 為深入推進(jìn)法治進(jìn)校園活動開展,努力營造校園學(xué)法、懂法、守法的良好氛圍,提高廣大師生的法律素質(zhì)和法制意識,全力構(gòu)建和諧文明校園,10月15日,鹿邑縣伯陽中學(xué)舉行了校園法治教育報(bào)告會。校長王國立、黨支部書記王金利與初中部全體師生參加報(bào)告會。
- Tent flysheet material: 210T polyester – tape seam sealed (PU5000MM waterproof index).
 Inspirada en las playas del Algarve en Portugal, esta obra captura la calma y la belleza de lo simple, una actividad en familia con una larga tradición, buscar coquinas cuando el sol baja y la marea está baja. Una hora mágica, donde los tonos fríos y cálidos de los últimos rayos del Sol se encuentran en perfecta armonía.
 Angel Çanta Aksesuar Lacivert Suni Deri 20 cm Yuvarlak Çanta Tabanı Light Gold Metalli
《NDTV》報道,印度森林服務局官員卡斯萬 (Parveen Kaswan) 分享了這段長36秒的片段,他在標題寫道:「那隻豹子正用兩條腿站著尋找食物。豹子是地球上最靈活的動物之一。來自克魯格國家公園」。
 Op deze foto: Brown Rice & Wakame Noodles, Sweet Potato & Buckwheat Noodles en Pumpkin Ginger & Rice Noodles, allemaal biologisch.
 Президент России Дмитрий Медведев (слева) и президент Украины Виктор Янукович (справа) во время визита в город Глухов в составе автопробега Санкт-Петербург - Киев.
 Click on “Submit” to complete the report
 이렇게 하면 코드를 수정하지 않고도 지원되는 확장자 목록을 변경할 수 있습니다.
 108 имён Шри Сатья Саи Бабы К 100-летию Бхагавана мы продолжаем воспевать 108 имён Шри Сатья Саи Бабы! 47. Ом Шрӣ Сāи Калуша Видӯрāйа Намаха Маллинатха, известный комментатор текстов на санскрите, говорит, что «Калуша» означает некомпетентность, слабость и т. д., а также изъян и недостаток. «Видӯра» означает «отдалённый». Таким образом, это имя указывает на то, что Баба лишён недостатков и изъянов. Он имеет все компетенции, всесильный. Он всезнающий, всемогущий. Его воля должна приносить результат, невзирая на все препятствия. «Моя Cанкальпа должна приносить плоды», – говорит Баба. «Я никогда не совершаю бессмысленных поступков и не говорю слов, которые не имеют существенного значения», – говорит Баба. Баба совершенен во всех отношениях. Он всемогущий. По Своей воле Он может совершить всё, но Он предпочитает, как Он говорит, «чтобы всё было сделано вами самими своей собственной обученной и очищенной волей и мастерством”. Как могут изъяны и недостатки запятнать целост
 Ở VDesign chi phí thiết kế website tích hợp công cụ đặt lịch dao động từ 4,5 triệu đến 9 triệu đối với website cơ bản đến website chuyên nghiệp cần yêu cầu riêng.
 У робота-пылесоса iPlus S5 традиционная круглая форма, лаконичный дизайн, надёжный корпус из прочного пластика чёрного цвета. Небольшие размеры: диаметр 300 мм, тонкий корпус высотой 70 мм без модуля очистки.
* * * * *
## EXERCISE PROMPT:
Nothing in the material should be left out; output it exactly.

## SOLUTION TO THIS TASK:
 為深入推進(jìn)法治進(jìn)校園活動開展,努力營造校園學(xué)法、懂法、守法的良好氛圍,提高廣大師生的法律素質(zhì)和法制意識,全力構(gòu)建和諧文明校園,10月15日,鹿邑縣伯陽中學(xué)舉行了校園法治教育報(bào)告會。校長王國立、黨支部書記王金利與初中部全體師生參加報(bào)告會。
- Tent flysheet material: 210T polyester – tape seam sealed (PU5000MM waterproof index).
 Inspirada en las playas del Algarve en Portugal, esta obra captura la calma y la belleza de lo simple, una actividad en familia con una larga tradición, buscar coquinas cuando el sol baja y la marea está baja. Una hora mágica, donde los tonos fríos y cálidos de los últimos rayos del Sol se encuentran en perfecta armonía.
 Angel Çanta Aksesuar Lacivert Suni Deri 20 cm Yuvarlak Çanta Tabanı Light Gold Metalli
《NDTV》報道,印度森林服務局官員卡斯萬 (Parveen Kaswan) 分享了這段長36秒的片段,他在標題寫道:「那隻豹子正用兩條腿站著尋找食物。豹子是地球上最靈活的動物之一。來自克魯格國家公園」。
 Op deze foto: Brown Rice & Wakame Noodles, Sweet Potato & Buckwheat Noodles en Pumpkin Ginger & Rice Noodles, allemaal biologisch.
 Президент России Дмитрий Медведев (слева) и президент Украины Виктор Янукович (справа) во время визита в город Глухов в составе автопробега Санкт-Петербург - Киев.
 Click on “Submit” to complete the report
 이렇게 하면 코드를 수정하지 않고도 지원되는 확장자 목록을 변경할 수 있습니다.
 108 имён Шри Сатья Саи Бабы К 100-летию Бхагавана мы продолжаем воспевать 108 имён Шри Сатья Саи Бабы! 47. Ом Шрӣ Сāи Калуша Видӯрāйа Намаха Маллинатха, известный комментатор текстов на санскрите, говорит, что «Калуша» означает некомпетентность, слабость и т. д., а также изъян и недостаток. «Видӯра» означает «отдалённый». Таким образом, это имя указывает на то, что Баба лишён недостатков и изъянов. Он имеет все компетенции, всесильный. Он всезнающий, всемогущий. Его воля должна приносить результат, невзирая на все препятствия. «Моя Cанкальпа должна приносить плоды», – говорит Баба. «Я никогда не совершаю бессмысленных поступков и не говорю слов, которые не имеют существенного значения», – говорит Баба. Баба совершенен во всех отношениях. Он всемогущий. По Своей воле Он может совершить всё, но Он предпочитает, как Он говорит, «чтобы всё было сделано вами самими своей собственной обученной и очищенной волей и мастерством”. Как могут изъяны и недостатки запятнать целост
 Ở VDesign chi phí thiết kế website tích hợp công cụ đặt lịch dao động từ 4,5 triệu đến 9 triệu đối với website cơ bản đến website chuyên nghiệp cần yêu cầu riêng.
 У робота-пылесоса iPlus S5 традиционная круглая форма, лаконичный дизайн, надёжный корпус из прочного пластика чёрного цвета. Небольшие размеры: диаметр 300 мм, тонкий корпус высотой 70 мм без модуля очистки.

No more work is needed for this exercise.